When I was in grade two, a woman who lived down the street insisted to my parents that I be put on suicide watch.
I was told as an adult that this neighbour was watching me walk home from elementary school every day and found it incredibly alarming that I wasn’t skipping or laughing. I picture her now as a plump cartoon character, peeking out of her blinds with binoculars, seeing my somber face and crying out in a voice oozing with self-righteousness, “My god, that child isn’t laughing! She’s obviously suicidal, and I must do something! ME to the rescue!” before dialling my parents’ number and consequently inflicting damage that would follow me for the rest of my life.
I have been emotionally cold for as long as I can remember. Growing up, my dad often called me Wednesday, the murderous little girl from The Addam’s Family. Back then, I was tickled that I was different. I liked my dad’s silly nickname for me until that neighbour butted into my life.
I didn’t know about the busy-body woman on our street. I didn’t even know what suicide was. All I knew was that suddenly every day when I got home from school, my parents were saying things like, “Why can’t you just smile? Everyone thinks you’re miserable,” and “It’s not that hard.” But it was hard. Governed by a rigidly analytical nature, it seemed illogical to be disingenuous and force a smile, and therefore, I couldn’t do it.
The frustrating thing was that I was actually my happiest when this lady was spying on me. I looked forward to my walk home because it let me drift into the world of the latest book I had read and make up my own stories. My love for daydreaming is why I became a writer. But I couldn’t do it anymore because I didn’t smile when I daydreamed. Because I was weird.

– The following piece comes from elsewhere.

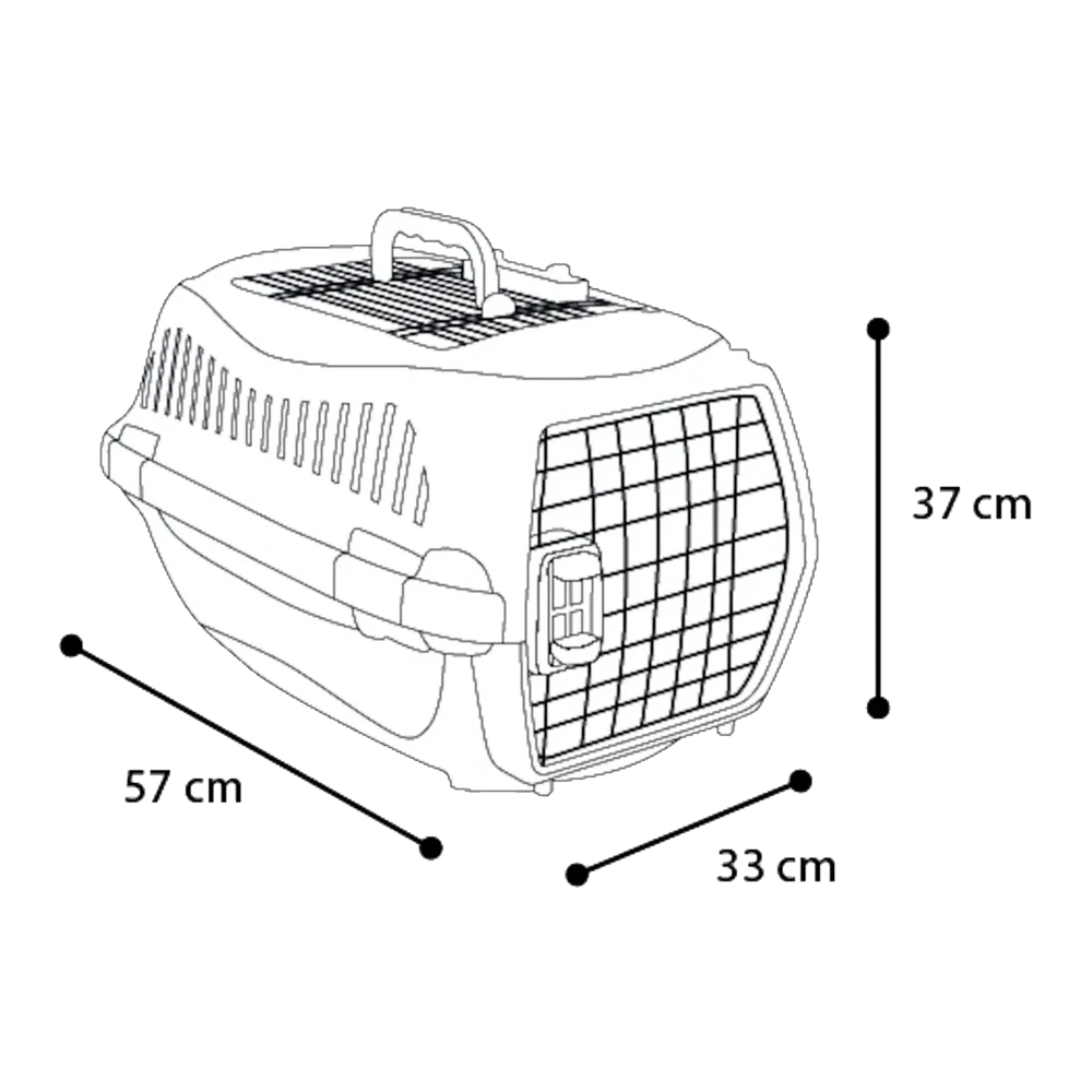 Deze vervoersbox heeft een afmeting van 35x57x37cm.

Wednesday, that name I had previously felt tickled by, morphed into a syringe, piercing deeply and sucking out my self-esteem. It asked, why can’t you just be like everyone else? Later in life, that question rephrased itself as romantic interests repeatedly described me as simply cold.
As I grew up, I’d see my likeness in the serial killers on Criminal Minds, in Patrick Bateman American Psycho, and it didn’t help that I love murder mysteries. I often have to check what I say about the stories I love, worried people are thinking the prospect of human death is what excites me, not of the thrill of solving a mystery. I worry that they think I’m just like Wednesday Addams in every way, not just in her severity. Eventually, I began to think of myself as a villain, inherently evil because I shared so many similarities with the ones I saw on TV.
That is until I came across a passage in W is for Wasted, the 23rd book in Sue Grafton’s alphabet mysteries series:
“Here’s how hard-hearted I am: I was irritated by Pearl’s wailing. It seemed pumped up, artificial, overdone. My response was to disconnect, as though I were pulling a plug out of a wall socket. I couldn’t react to the news of Felix’s death because her excess had shut me down. It was as though she’d pre-empted any honest feelings generated by his passing. At the same time, I wondered if Pearl was the normal one and I was too psychologically stunted to experience sorrow. This didn’t seem like the proper moment to sort out questions of such complexity, but the idea had occurred to me on previous occasions—this sense that I was somehow out of step with the rest of humankind.”
Like the narrator, Kinsey Millhone, I’ve spent my life thinking that it’s everyone else who is normal, and I’m the deformed freckle on the skin of society. It never mattered that I find joy in the other’s joy; I can’t show emotions, so there has always been an implication that I have none. I felt destined to only relate to characters like Patrick Bateman forever.
It wasn’t until I read W is for Wasted that I realized my resistance to showing emotion is something that isn’t singular to myself and the serial killers on Criminal Minds. Kinsey, the protagonist and narrator, isn’t the epitome of mental health, but she’s not a bad person; in fact, her whole career as a private investigator revolves around helping people. And she is emotionally cold just like me.
Sue Grafton, the creator of Kinsey Millhone, passed away on December 28 2017 before she could complete the Kinsey Millhone series. Her writing showed me that I’m not a monster. Hard-hearted, absolutely. But not evil. In my typical way, I don’t have the proper words to mourn her. But the feeling is there. It always has been. The world lost an excellent storyteller when she passed. RIP Sue Grafton.